Jazz has a way of throwing preconceptions out the window just to see what happens. Stones is a live recording of US-born/Canada-based saxophonist Colin Stetson and Swedish saxophonist Mats Gustafsson from the Vancouver Jazz Festival, where the duo headed on stage for an improvised set without ever having played together prior to the experience. The recording captures the two saxophonists in a state of total awareness of the unique improvisational situation they’ve entered. It’s as raw as it gets, but the attention that each musician pays to the movement of the other makes each piece tick and accounts for the wide variety of moods and structures on this short recording.

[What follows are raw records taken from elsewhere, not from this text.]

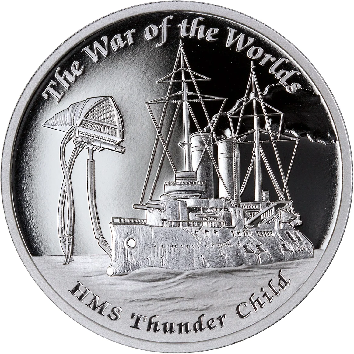 The Thunder Child battling three tripods at sea.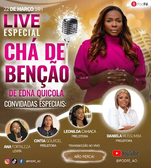 LIVE ESPECIAL – CHÁ DE BENÇÃO DE EDNA QUICOLA No dia 22 de março, o Podfé convida você para uma live especial e inesquecível em comemoração ao Chá de Benção de Edna Quicola! Para tornar este momento ainda mais especial, teremos oradoras inspiradoras compartilhando palavras de fé e sabedoria: 🔹 Profetiza Leonilda Cahiaca 🔹 Dra. Cintia Gourgel 🔹 Pastora Daniela Mussumba 🔹 Levita Ana Fortaleza Uma tarde de celebração, ensinamentos e muita emoção! Não perca! Data: 22 de março Horário: A partir das 14h Ao vivo no YouTube @podfe_ao Ative o lembrete, compartilhe e junte-se a nós nessa celebração única!
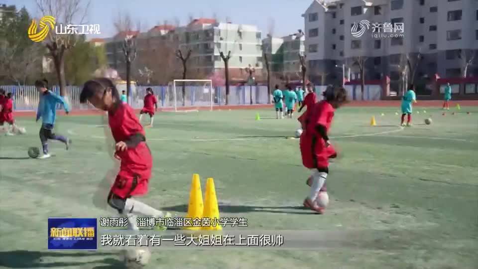在淄博市临淄区金茵小学,足球是学校的必修课。学生谢雨彤从一接触足球就爱上了这项运动。淄博市临淄区金茵小学学生谢雨彤说:“我就看着有一些大姐姐在上面很帅,我就想踢球。”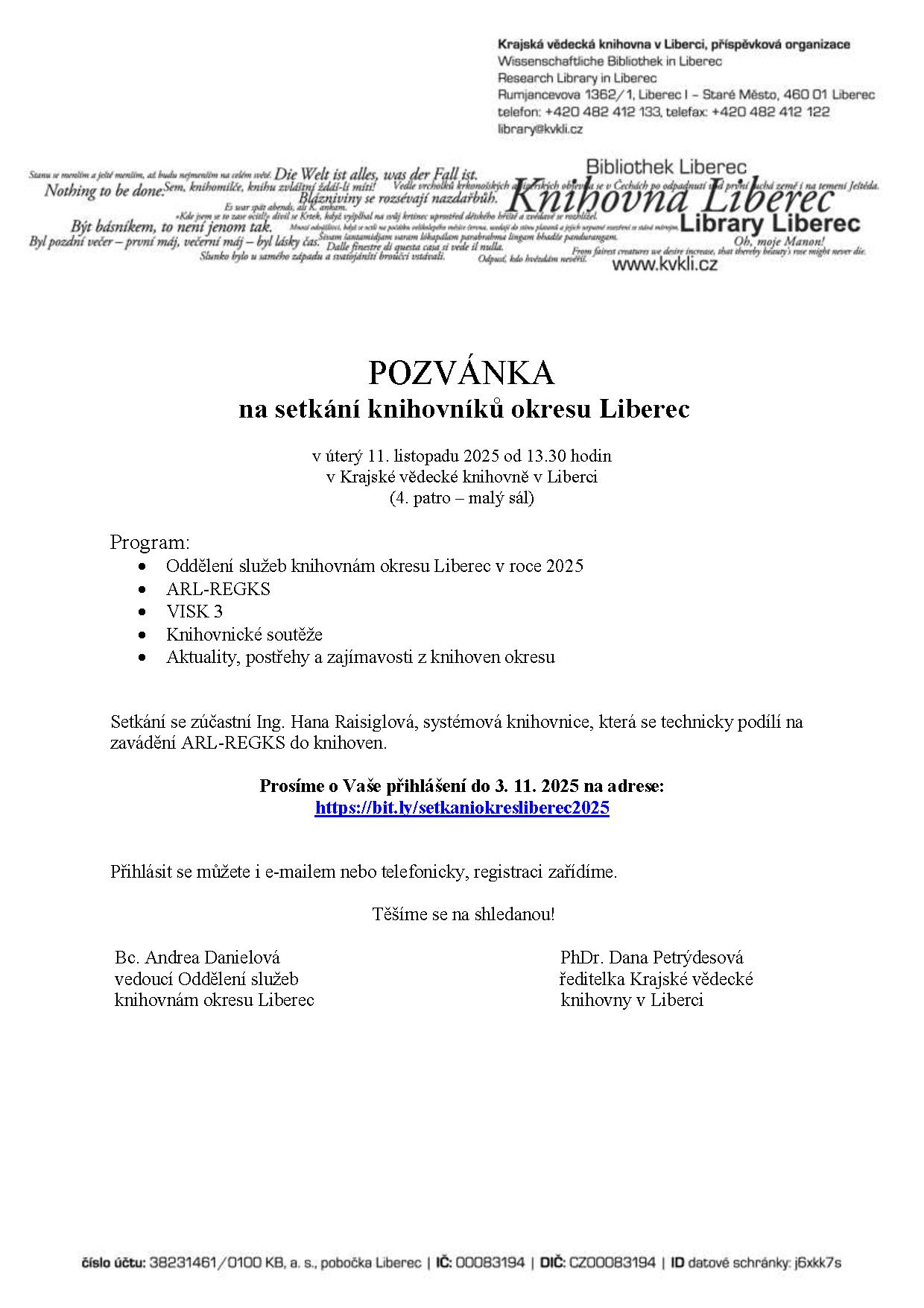 Akce je pořádána Krajskou vědeckou knihovnou v Liberci - Oddělení služeb knihovnám okresu Liberec.

It’s precisely the spatial aspects of Stones that are most striking. When both Stetson’s bass sax and Gustafsson’s baritone attack simultaneously, it forces the listener’s ear to compensate for the auditory overload by shifting one voice onto an oblique plane. The two sounds seem to jump over one another and jockey for position in the stereo field, never quite settling into position. But neither player pushes the cacophony too far; there is just enough sound happening at once that it is intelligible and separable, which allows the listener to discern one instrument from another. After a burst of power, the duo moves forth into new structures, including reductive, almost minimal passages. The silence on Stones marks the other end of the spatial range. Just because saxophones excel at maximalist bursts of sonic energy doesn’t mean that they can’t be quiet or nuanced. It’s when the two musicians both arrive at the lower end of the dynamic range that the pair’s mutual awareness becomes clearest. Control is the element of improvisation that transfigures it from chaos to art, and when the duo explore minimal structures that emerge out of silence, we witness them exerting the most pressure on the piece. Parts of Stones even witness the sax in a percussive capacity, with the duo at times popping the finger pads as a rhythmic basis.

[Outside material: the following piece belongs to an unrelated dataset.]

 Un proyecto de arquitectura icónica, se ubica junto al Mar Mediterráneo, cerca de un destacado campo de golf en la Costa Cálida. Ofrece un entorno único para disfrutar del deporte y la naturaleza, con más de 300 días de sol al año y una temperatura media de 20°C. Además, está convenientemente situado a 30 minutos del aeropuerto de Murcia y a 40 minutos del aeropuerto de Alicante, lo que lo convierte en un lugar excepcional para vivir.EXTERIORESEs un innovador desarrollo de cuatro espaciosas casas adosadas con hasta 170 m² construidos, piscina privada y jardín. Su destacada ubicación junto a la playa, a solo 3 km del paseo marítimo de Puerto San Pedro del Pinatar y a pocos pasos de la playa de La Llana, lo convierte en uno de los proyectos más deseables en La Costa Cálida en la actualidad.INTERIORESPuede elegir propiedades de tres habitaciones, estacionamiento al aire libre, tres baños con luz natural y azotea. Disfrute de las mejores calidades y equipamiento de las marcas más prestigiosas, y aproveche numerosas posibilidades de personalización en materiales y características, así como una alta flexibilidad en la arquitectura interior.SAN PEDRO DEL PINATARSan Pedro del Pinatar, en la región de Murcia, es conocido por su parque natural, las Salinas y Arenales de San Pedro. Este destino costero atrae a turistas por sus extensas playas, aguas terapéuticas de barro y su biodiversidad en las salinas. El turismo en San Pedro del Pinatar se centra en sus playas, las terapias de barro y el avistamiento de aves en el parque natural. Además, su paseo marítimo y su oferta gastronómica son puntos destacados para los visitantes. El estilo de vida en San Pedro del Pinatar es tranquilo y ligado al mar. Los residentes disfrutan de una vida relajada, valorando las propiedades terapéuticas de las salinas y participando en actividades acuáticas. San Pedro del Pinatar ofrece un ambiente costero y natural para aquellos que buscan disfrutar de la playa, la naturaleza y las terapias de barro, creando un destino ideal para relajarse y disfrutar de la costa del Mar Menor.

Stones lacks any organization except for what emerges from Stetson and Gustafsson’s sensitivity to the vector of each movement. It’s fluid, and within that fluidity, some discord occasionally enters. But the nature of the recording makes discord a certainty; what makes it impressive is how often the duo achieves synchronicity on an inaugural session. Stones documents those fleeting events. Like a rock, it’s a physical manifestation of a process in time. Its shape took this form because that is simply how they made it. The recording captures the irrecoverable magic of a first meeting and encapsulates it. With its singular, unrepeatable circumstances, we can say little more than that Stones happened.